Black tea’s “fermentation” is really enzymatic oxidation, with no microbes involved. Dark tea’s wodui (渥堆, “wet piling”), by contrast, takes sun-dried maocha, piles it up, sprays it with water and keeps it warm and humid so that fungi and bacteria multiply and remake the leaf with the enzymes they secrete. Because this happens after primary processing (fixation, etc.), it is called post-fermentation.
Wodui: microbes, heat, and the making of theabrownins
Drag through the ~50-day pile; watch pile temperature, microbes and theabrownins ↓
Schematic. Unlike green/black/oolong (the leaf’s own enzymes), this is true microbial fermentation.
Microbial metabolism gives off heat, so the pile’s core naturally climbs to around 50–65 °C; makers periodically “turn the pile” to cool it, add oxygen, even out the fermentation, and prevent overheating (“pile-burning”). After roughly 40–60 days, dark-green maocha becomes glossy red-brown ripe tea — deep red liquor, mellow taste, much less bitterness. This is ripe (shou) pu-erh.
L2 · Deep DiveThe main line of dark tea (ripe pu-erh)
1. Who does the work: microbes and their enzymes
Research shows that Aspergillus niger is the dominant fungus in wodui, with the highest detection frequency and abundance [1][2]. It (along with other fungi, bacteria and yeasts) secretes a range of extracellular enzymes that remodel the leaf [2]:
- glycoside hydrolases and tannases — hydrolyse ester catechins and flavonoid glycosides;
- catechol oxidases, peroxidases and laccases — oxidise, condense and polymerise phenolic compounds into theabrownins [2].
In other words, theabrownins — the core compounds behind dark tea’s colour and mellow taste — are produced by microbial enzymes transforming and polymerising polyphenols. Microbes also degrade some caffeine and generate compounds such as gallic acid [2]; overall, bitterness and astringency fall and the mouthfeel turns smooth.

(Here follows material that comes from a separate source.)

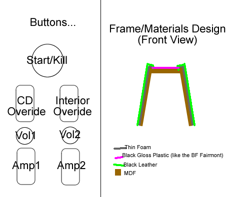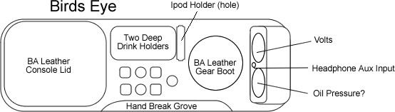 will make the frame from MDF (9mm?)Glue a Thin Foam to it and cover with leather then Embed the Black Gloss Plastic Inside It Havent Measured Anything Yet... Not to fussed About the Pods it it wont all fit... have a few things i want in it... Buttons -Engine Start/Kill Switch (hook up to starter motor wire)(push and hold while turn key to start) -Amp Auto/Off (1/2) (though remote on wires) -Headunit and Amps On (override Acc so can turn on CD without keys) -2nd Interior Lights Button (control all interior lights) Controls -Amp 1/2 (Bass) (through hard wired remote supplied with amps) Lights -from door switch rear - one each side below gear stick - one for back seats -from intermittent lights - leds below console lid shine forward on buttons - In Bottom Of Drink Holders Appearance - Leather Sides - Gloss Black Top (embedded In Leather) - Blue L.E.Ds Used - BA GT Gear Boot Other -drink holders x 2 on right -CD AUX Input (headphone Jack) -air to vents to pass thought drink holders into back (BA Vents?) Just to give you an idea... this is Dellboy999's

2. Moist-heat action: not only microbes
The hot, humid pile also drives a set of non-enzymatic moist-heat oxidation and degradation reactions. Dark tea’s transformation is therefore usually understood as the combined result of microbial action + moist-heat action, with the microbial enzymatic contribution dominant.
3. Raw vs. ripe pu-erh
Both belong to dark tea / post-fermentation, but pu-erh has two routes:
| Raw (sheng) | Ripe (shou) | |
|---|---|---|
| Process | maocha pressed, slow natural aging (years) | wodui accelerated fermentation (~40–60 days) |
| Origin | traditional | wodui established by Kunming Tea Factory around 1973 [3] |
| Style | brisk and astringent early, mellowing with age | deep, red and mellow from the start |
Dark tea is not only pu-erh. Fu brick tea, for instance, grows beneficial “golden flowers” (Eurotium cristatum) during fermentation — another prized form of dark-tea post-fermentation.
Key processing parameters
| Item | Typical range | Notes |
|---|---|---|
| Pile height | ~50–70 cm [4] | affects heat/moisture retention and airflow |
| Moisture | ~30–50% [4] | water for the microbes |
| Pile temp | rises to ~50–65 °C [4] | from microbial metabolism |
| Turning | every ~7–14 days [4] | cool, oxygenate, even out, prevent burning |
| Duration | ~40–60 days [4] | then dried |
Methods and materials vary widely by factory; the table shows representative ranges for understanding the mechanism.
Typical flavour
Ripe pu-erh · flavour sketch
See also
- The Science of Black-Tea “Fermentation” — where “fermentation” is really enzymatic oxidation; a clarifying contrast
- The Science of Green-Tea Fixation · Oolong “Bruising”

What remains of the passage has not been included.